The chassis reinforces the desktop-PC form factor deliberately. It supports a micro-ATX motherboard with an AMD x86 CPU and compatible chipset, uses closed-loop liquid cooling, includes customisable RGB LED lighting, and features a semitransparent side panel. According to Chris Goulet, thermal-mechanical engineer and team lead at Tenstorrent, internal developers have been requesting units precisely because the setup is frictionless: ship the box, plug it in, and it works.

Direct Competitor: Nvidia's DGX Station at $85,000

Tenstorrent is not operating in a vacuum. Nvidia released the DGX Spark last year and opened orders for the DGX Station — powered by the GB300 chip — on 16 March 2026. DGX Station variants will be sold through Asus, Dell, and MSI, with one retailer listing the MSI configuration at $85,000. The DGX Station offers up to 748 GB of memory and draws up to 1,600 W, sitting at the ceiling of a standard breaker.

Nvidia's director of product marketing, Allyn Bourgoyne, has said the company expects most DGX owners to use the devices as remotely accessed servers — sending jobs over a network from a separate laptop rather than sitting directly at the machine. The DGX Station runs DGX OS, a proprietary Ubuntu variant built around Nvidia's CUDA ecosystem.
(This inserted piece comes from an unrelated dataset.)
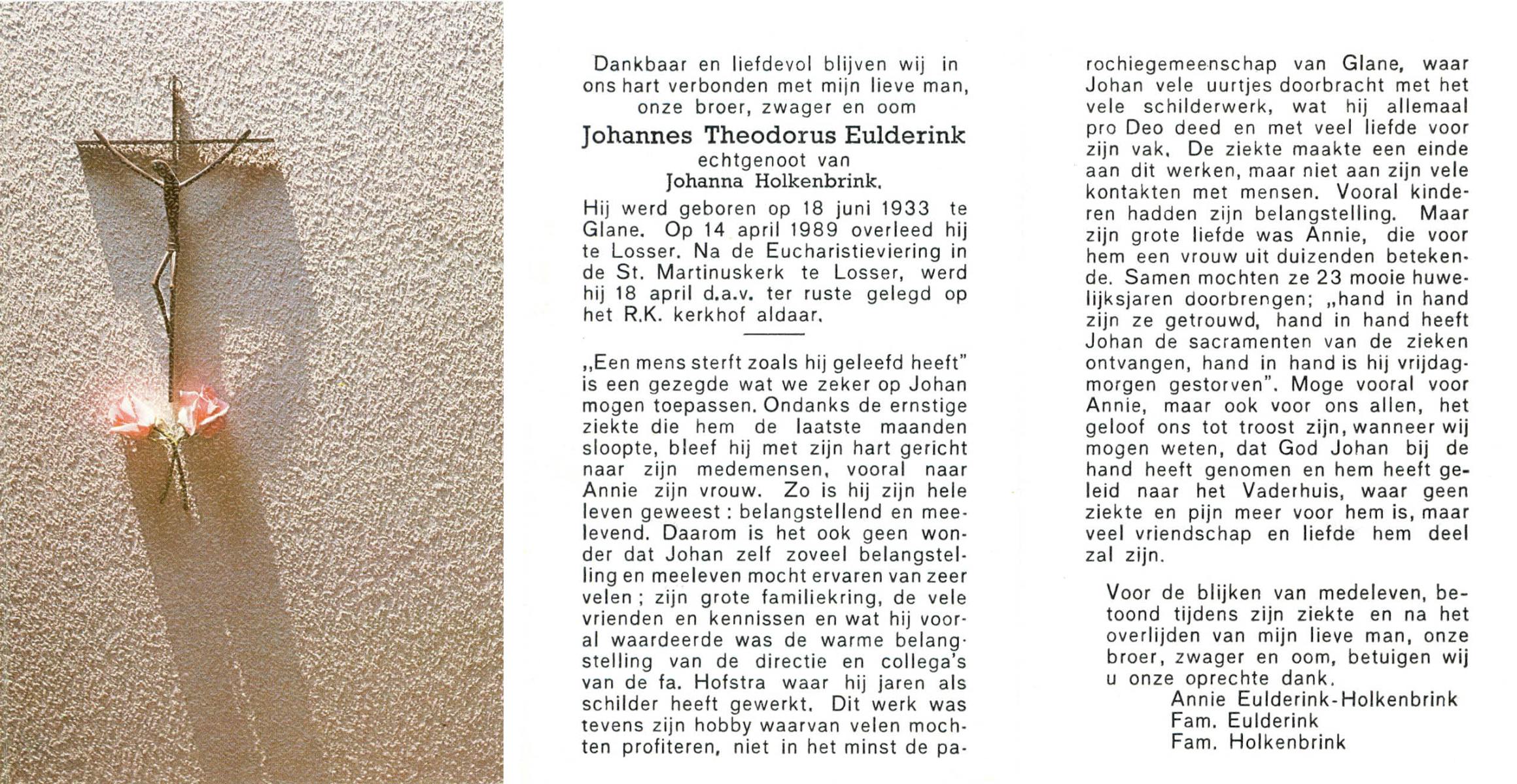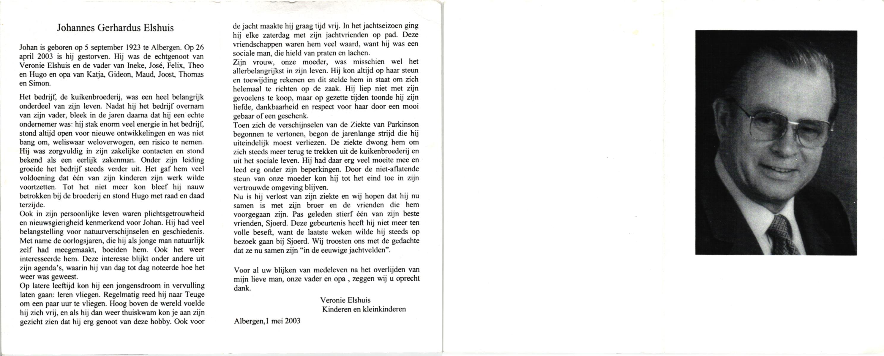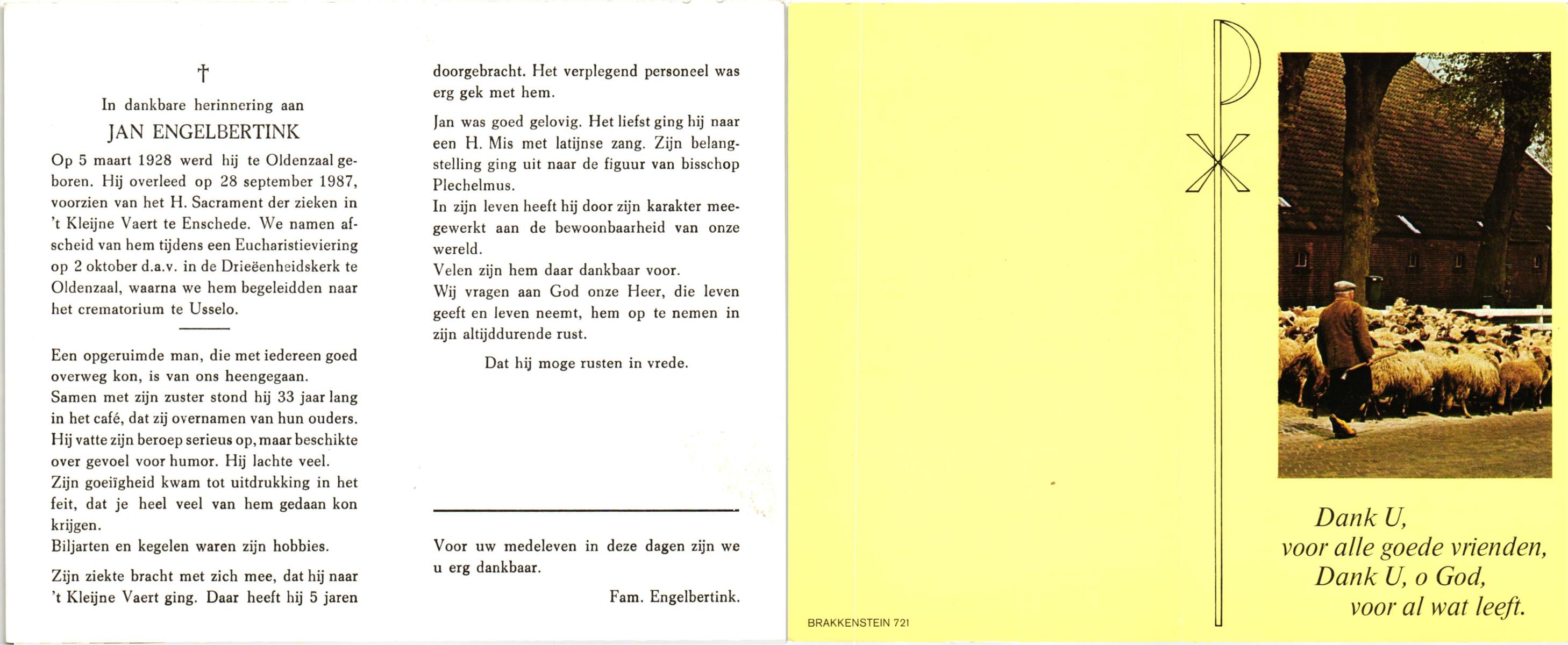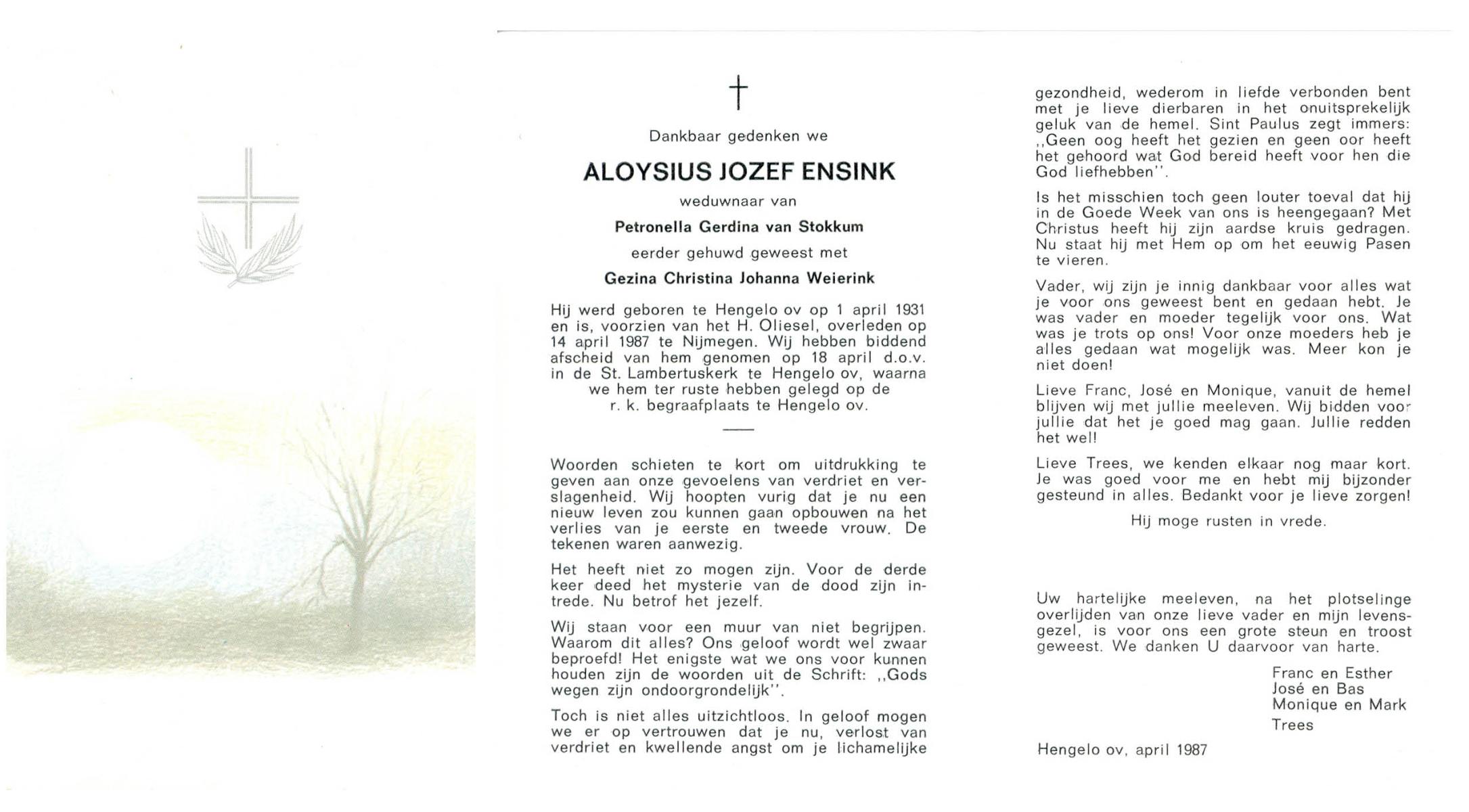 ELFERINK, Johannes Hendrikus, geboren op 14-12-1912 te Losser, overleden op 3-2-1987 te Enschede op 74-jarige leeftijd, begraven op 7-2-1987 te Losser.

Tenstorrent's positioning differs in key ways. The QuietBox 2 runs standard Ubuntu with a full desktop environment accessible via HDMI, making it usable as a primary workstation rather than just a remote compute node. The x86 CPU and conventional PC architecture also improve software compatibility compared to Nvidia's ARM-based DGX chipsets.

An Open-Source Stack as a Developer Argument

A major differentiator is software philosophy. Tenstorrent has made its entire software stack open source, including TT-Forge (its AI compiler) and TT-Metalium (a low-level SDK providing kernel-level hardware control), both available on GitHub. The company has also published the instruction set architecture for its Tensix cores, allowing developers to inspect exactly how workloads execute on the silicon.
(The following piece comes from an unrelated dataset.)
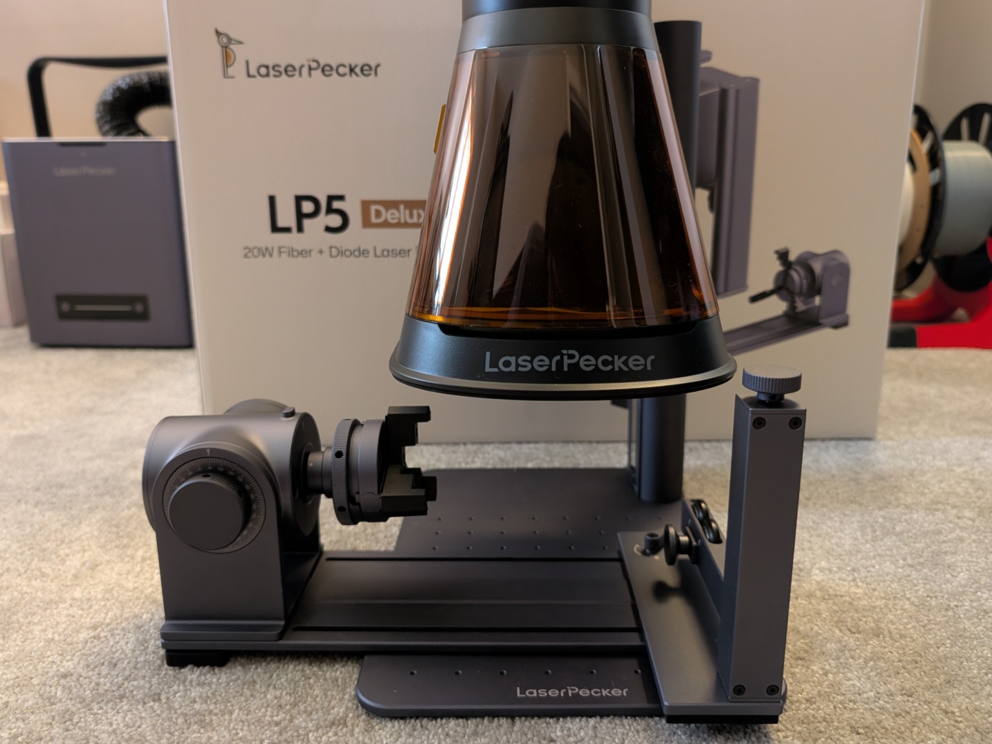 The build quality of the LP5, as well as the accessories, is excellent. Everything feels premium and solid. All the LaserPecker portable laser engravers (LP series) have a color theme which extends to the accessories as well, including the safety enclosure and air purifier. Setting up the LP5 itself is just screwing in the base plate, the stand, laser unit, and the conical cover. As mentioned earlier, the manuals and videos make things easier. Using the safety enclosure, which also powers the laser unit, requires screwing the laser unit on top with just two screws. One of the pipes can be used to connect the exhaust port on the enclosure to the intake of the air purifier, making indoor use safer.

For teams evaluating AI infrastructure, this openness reduces vendor lock-in risk and lowers the barrier to custom optimisation. Nvidia's CUDA ecosystem remains dominant and deeply integrated into the ML toolchain, but it is proprietary — and developers working with Tenstorrent hardware face no equivalent constraints.

The $9,999 price point also matters in enterprise procurement contexts. At roughly one-ninth the cost of the MSI DGX Station, teams can deploy multiple QuietBox 2 units — one per developer, for instance — rather than sharing a single remote server.

What This Means

For AI developers who need serious local inference capability without a data-centre budget, the QuietBox 2 represents a cost-accessible option for running sub-100B parameter models at meaningful speed — and its open-source stack gives engineering teams a level of hardware transparency that Nvidia's ecosystem does not offer.